Rezension

Marie Aubert überzeugt mal wieder auf ganzer Linie

Eigentlich bin ich nicht so -

Eigentlich bin ich nicht so
von Marie Aubert

Bewertet mit 4.5 Sternen

Die norwegische Autorin hat nach „Erwachsene Menschen“ ein weiteres Highlight geschrieben. Wieder einmal zeigt sie ihr Händchen für komplexe Familiengeschichten und facettenreiche, unperfekte Hauptfiguren.

In wechselnden Perspektiven begleiten wir Hanne, Bård, Linnea und Nils über das Wochenende von Linneas Konfirmation. Hanne kehrt dafür erstmalig mit Partnerin und ohne ihr früheres Gewicht in ihre Heimat zurück. Dort gerät sie nicht nur an die Grenzen von (internalisierter) Fettfeindlichkeit, sondern muss auch feststellen, dass die OP viele grundlegende Probleme natürlich überhaupt nicht gelöst hat. Ihr Bruder Bård, der ein aus Hannes Perspektive erfolgreiches Leben führt, hat eine Affäre und plant seine Familie zu verlassen. Linnea macht die schmerzlichen Freundschaftserfahrungen eines Teenagers und Nils reflektiert über die Beziehungen zu seinen Kindern Hanne und Bård. In Rückblenden lernen wir zudem die komplexe Vergangenheit der erwachsenen Figuren kennen, sodass sich kein übereiltes Gut-Böse-Denken verfangen kann.

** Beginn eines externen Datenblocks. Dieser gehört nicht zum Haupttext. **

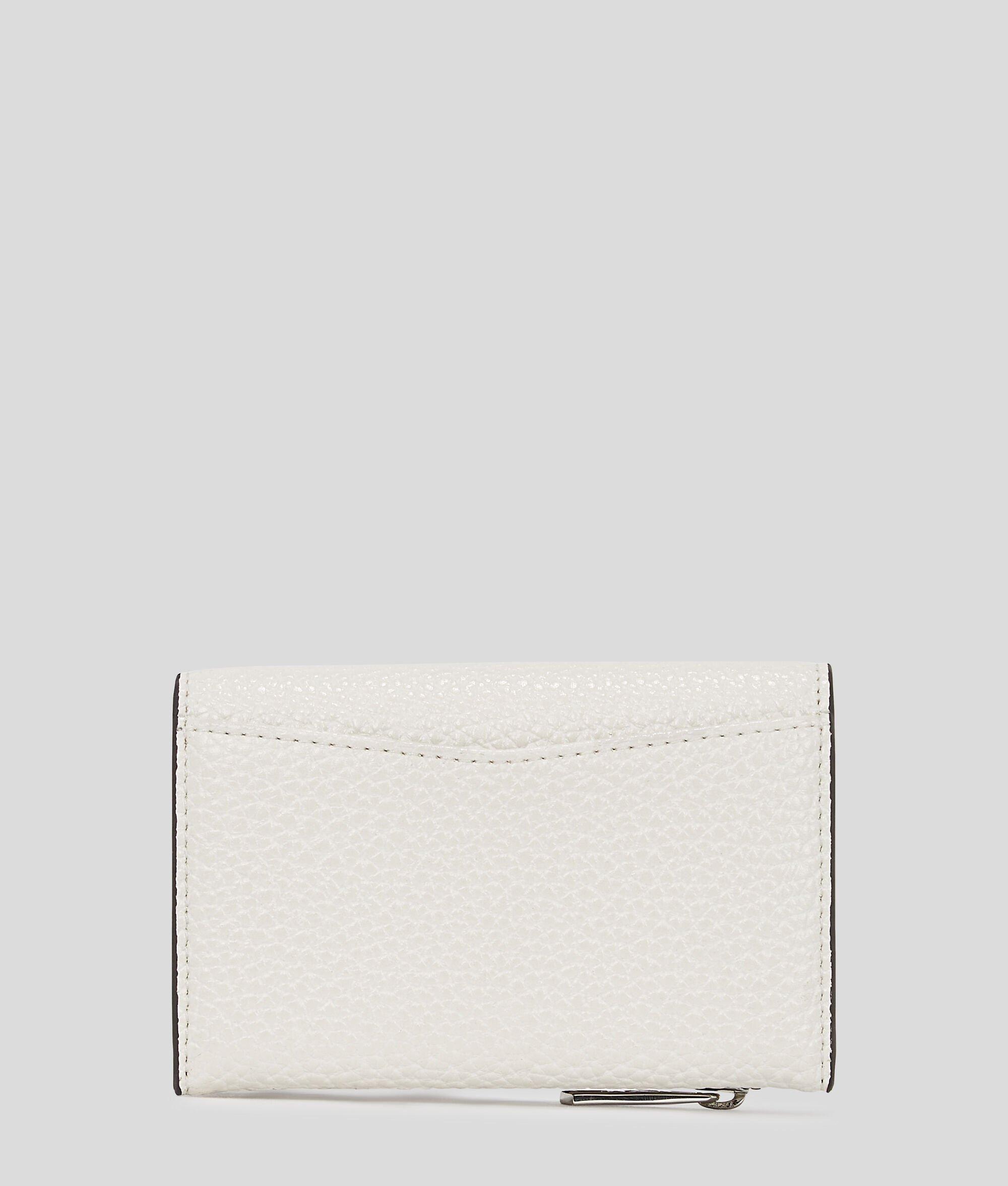 Introducing a petite bifold wallet that effortlessly combines style and functionality. It features a secure button closure, a zipped compartment and multiple card slots. Adorned with 3D Karl Signature artwork, it’s a statement accessory for any occasion.

Auberts Romane leben von authentischen Figuren, die sie mit allen problematischen Gedanken zeichnet. Und ich liebe das Nahbare, das Komplizierte, das Zum-Haare-Raufende - eben das ganze „Eigentlich bin ich nicht so“! Dieses neue Buch wird besonders von allem Unausgesprochenen geprägt, das wahrscheinlich alle aus der eigenen Familie kennen. Im Zuge der Geschichte spitzt sich das natürlich zu, doch trotz aller Differenzen gibt es immer wieder von Verbundenheit geprägte Momente.

Dieses Buch ist kein Wohlfühlbuch, aber es ist auch nicht das Gegenteil davon. Es ist ehrlich, verzwickt und dabei so nahbar, dass ich es nicht aus der Hand legen konnte. Das Ende hätte ich mir ein bisschen weniger offen gewünscht, andererseits passt das auch völlig zur Komplexität der Geschichte (und des Lebens).